Thoughts on the specifics of what might have failed for your process.
1. Were you trying to quit out of the routine to get into programming mode? You cannot exit from a tied terminal session (one that enters cache calling a routine) to a programming mode session. When the routine quits the terminal session exits.
2. After execution the terminal screen will exit. Was the work done in that second namespace something that you would expect to see output from, or have to enter text to a read command? or would it run fast and then quit? IE, did the work get done, but you not see it?
3. Do you have error trapping in your routine in that namespace, and did an error get trapped. This may help understand the behavior.
If this is not helpful please open a WRC issue and get help from support in addressing your issue.
Without research It is hard to say what might have caused this. Definitely something you should open with support if it keeps happening.

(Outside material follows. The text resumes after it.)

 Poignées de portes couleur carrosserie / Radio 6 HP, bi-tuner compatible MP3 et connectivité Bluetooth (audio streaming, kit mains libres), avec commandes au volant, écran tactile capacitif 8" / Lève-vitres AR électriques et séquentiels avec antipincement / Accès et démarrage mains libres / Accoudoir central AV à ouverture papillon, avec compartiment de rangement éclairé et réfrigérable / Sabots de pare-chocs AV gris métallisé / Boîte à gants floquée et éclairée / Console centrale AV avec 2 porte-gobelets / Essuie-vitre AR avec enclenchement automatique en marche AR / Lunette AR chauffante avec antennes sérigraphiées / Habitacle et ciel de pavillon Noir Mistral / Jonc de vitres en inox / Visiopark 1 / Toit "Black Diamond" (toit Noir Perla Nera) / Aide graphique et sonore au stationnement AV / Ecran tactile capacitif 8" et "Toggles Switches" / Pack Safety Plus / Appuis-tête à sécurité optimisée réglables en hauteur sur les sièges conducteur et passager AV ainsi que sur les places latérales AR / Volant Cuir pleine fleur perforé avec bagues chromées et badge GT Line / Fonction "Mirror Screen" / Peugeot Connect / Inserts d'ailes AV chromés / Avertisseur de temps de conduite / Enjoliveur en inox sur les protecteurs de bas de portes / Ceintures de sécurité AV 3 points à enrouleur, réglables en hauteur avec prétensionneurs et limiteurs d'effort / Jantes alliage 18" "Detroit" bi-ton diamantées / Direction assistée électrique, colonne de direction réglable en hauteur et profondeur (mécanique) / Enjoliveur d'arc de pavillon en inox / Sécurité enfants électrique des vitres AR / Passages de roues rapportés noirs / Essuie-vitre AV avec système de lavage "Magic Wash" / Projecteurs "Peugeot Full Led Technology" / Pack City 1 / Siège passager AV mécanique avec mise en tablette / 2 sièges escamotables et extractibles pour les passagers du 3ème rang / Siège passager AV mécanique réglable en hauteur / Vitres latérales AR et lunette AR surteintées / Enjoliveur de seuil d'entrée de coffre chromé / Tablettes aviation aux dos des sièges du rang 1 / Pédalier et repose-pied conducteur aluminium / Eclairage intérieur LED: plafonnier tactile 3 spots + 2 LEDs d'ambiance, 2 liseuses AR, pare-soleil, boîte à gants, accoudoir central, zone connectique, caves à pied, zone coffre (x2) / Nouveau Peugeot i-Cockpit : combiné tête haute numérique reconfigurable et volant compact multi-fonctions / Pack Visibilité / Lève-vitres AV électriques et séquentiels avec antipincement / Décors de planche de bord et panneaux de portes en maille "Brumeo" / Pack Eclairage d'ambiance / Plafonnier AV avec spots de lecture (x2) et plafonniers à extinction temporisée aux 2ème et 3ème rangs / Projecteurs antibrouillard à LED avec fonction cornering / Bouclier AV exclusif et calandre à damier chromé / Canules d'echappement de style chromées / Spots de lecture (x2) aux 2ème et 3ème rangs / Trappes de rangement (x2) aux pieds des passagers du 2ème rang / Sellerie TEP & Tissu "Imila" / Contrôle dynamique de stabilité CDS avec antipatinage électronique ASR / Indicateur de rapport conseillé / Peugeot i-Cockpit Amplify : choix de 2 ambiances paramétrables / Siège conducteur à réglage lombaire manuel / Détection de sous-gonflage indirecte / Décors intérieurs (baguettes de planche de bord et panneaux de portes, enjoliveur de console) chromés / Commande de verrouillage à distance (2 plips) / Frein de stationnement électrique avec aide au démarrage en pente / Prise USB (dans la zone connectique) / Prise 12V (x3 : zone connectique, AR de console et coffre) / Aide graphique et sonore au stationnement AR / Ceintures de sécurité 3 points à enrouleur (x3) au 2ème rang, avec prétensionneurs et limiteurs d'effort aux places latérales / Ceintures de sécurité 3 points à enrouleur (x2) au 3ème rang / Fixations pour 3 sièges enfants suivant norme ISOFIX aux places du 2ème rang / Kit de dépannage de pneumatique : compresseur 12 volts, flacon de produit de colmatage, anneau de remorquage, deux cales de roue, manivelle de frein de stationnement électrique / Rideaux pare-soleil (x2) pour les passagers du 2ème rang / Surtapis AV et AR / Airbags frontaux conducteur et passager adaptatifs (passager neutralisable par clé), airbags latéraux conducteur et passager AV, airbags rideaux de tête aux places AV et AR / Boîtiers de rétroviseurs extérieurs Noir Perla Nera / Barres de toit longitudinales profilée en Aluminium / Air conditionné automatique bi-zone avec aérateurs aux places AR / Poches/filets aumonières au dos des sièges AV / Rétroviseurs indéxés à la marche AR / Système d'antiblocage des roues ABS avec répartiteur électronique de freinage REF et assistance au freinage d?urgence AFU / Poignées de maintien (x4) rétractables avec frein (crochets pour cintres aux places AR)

For completeness I'm adding below the steps to check on the status of the task manager and how to start or resume it if necessary:
In cache terminal:
%SYS>d ^TASKMGR
1) Create a Task
2) Edit a Task
3) List Tasks
4) Delete a Task
5) Suspend a Task
6) Resume a Task
7) Run a Task
8) Task Reports
9) Task Manager Options
10) Exit
Option? 9
1) Task Manager Information
2) Start Task Manager
3) Suspend Task Manager
4) Resume Task Manager
5) Task Manager History
6) Define Mail Settings
7) Exit
Option? 1
Task Manager Version: 2.9
Task Manager is currently suspended
Task History purged after 7 days
1) Task Manager Information
2) Start Task Manager
3) Suspend Task Manager
4) Resume Task Manager
5) Task Manager History
6) Define Mail Settings
7) Exit
Option? <---Here you can choose to resume or start the task manager depending on the status from the Task Manager information returned in the step above.